Starting with the line that has "A classic all-leather" in the records below and ending with the line that has "YQ7 Voltage Display", output those lines exactly and nothing more; omit the pictures.
***** Extracted data *****
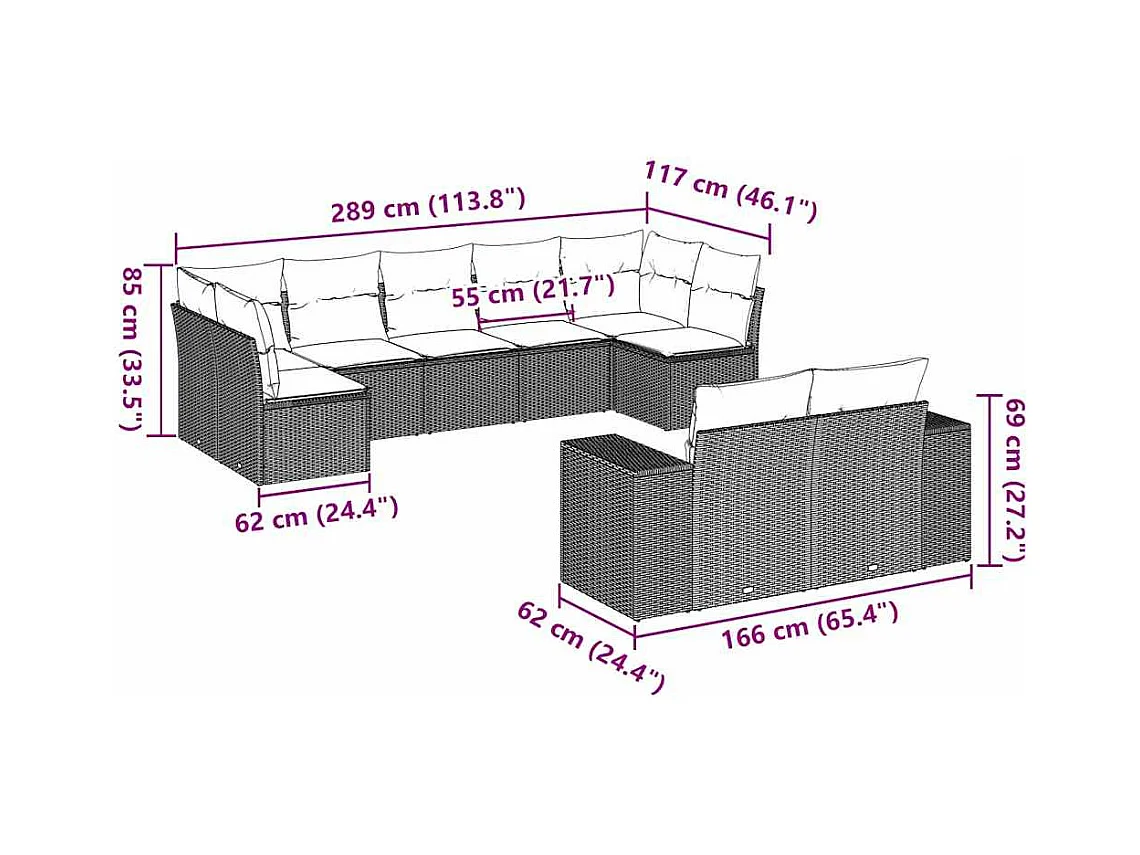 Salon de jardin avec coussins 10 pièces gris clair résine tressée
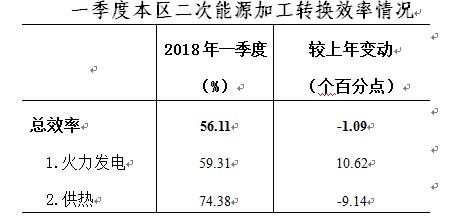 一季度,奉贤区加工转换总投入7.94万吨标煤,总产出4.46万吨标煤,总效率56.11%,同比下降1.09个百分点。从产出类型看,火力发电效率59.31%,同比上涨10.62%;由于申能星火热电本年3月开始处于关闭整合阶段,供热效率同比下降9.14%。
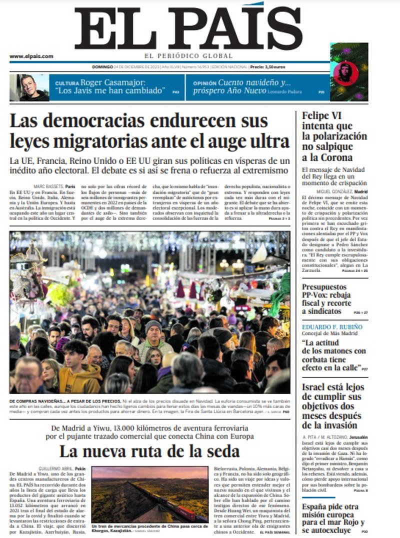 EL PAÍS: "Las democracias endurecen sus leyes migratorias ante el auge ultra"; "Felipe VI intenta que la polarización no salpique a la Corona"; "Presupuestos PP-Vox: rebaja fiscal y recorte a sindicatos"; "Eduardo F. Rubiño, concejal de Más Madrid: "La actitud de los matones con corbata tiene efecto en la calle""; "Israel está lejos de cumplir sus objetivos dos meses después de la invasión"; "España pide otra misión europea para el mar Rojo y se autoexcluye".
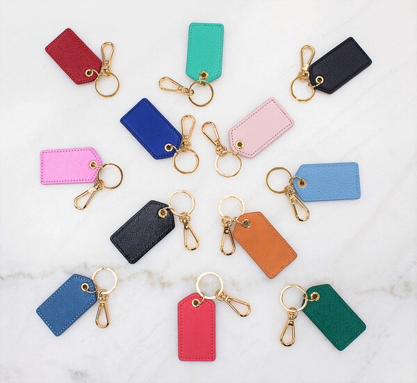 A classic all-leather key chain tab with gold tone dog snap. Add a monogram for a stylish personalized look.
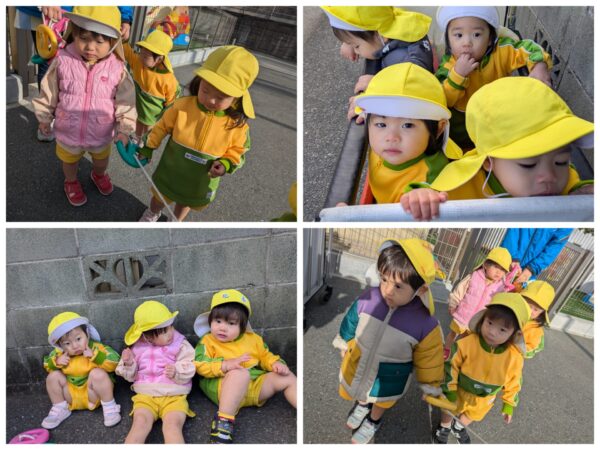 道端に咲く花や落ちている枯れ葉に興味津々の子どもたちでした☺️
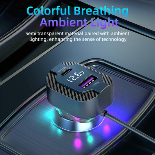 YQ7 Voltage Display PD 30W Fast Charging 2 x Type-C + 3 x USB Car Charger with 1.5m Extension Cable
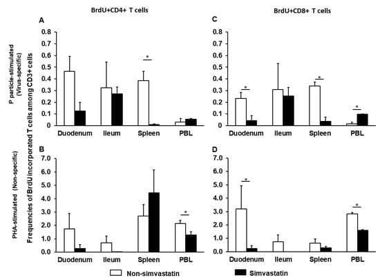 Virus-specific (A,C) and non-specific (B,D) proliferating T cells in the presence or absence of simvastatin. MNCs were stimulated with P particles or PHA and cultured with BrdU. Mean frequencies of CD3+CD4+BrdU+ and CD3+CD8+BrdU+ T cells in intestinal (duodenum, ileum) and systemic (spleen, PBL) tissues were analyzed by flow cytometry (Supplementary Figure S1). Note the difference in the Y axis scale between the upper (virus-specific) and lower (non-specific) panels. An asterisk above the bars indicates a significant difference between groups for the same cell type and tissue (p < 0.05 by Kruskal-Wallis rank-sum test).
*****
### Result
 A classic all-leather key chain tab with gold tone dog snap. Add a monogram for a stylish personalized look.
 道端に咲く花や落ちている枯れ葉に興味津々の子どもたちでした☺️
 YQ7 Voltage Display PD 30W Fast Charging 2 x Type-C + 3 x USB Car Charger with 1.5m Extension Cable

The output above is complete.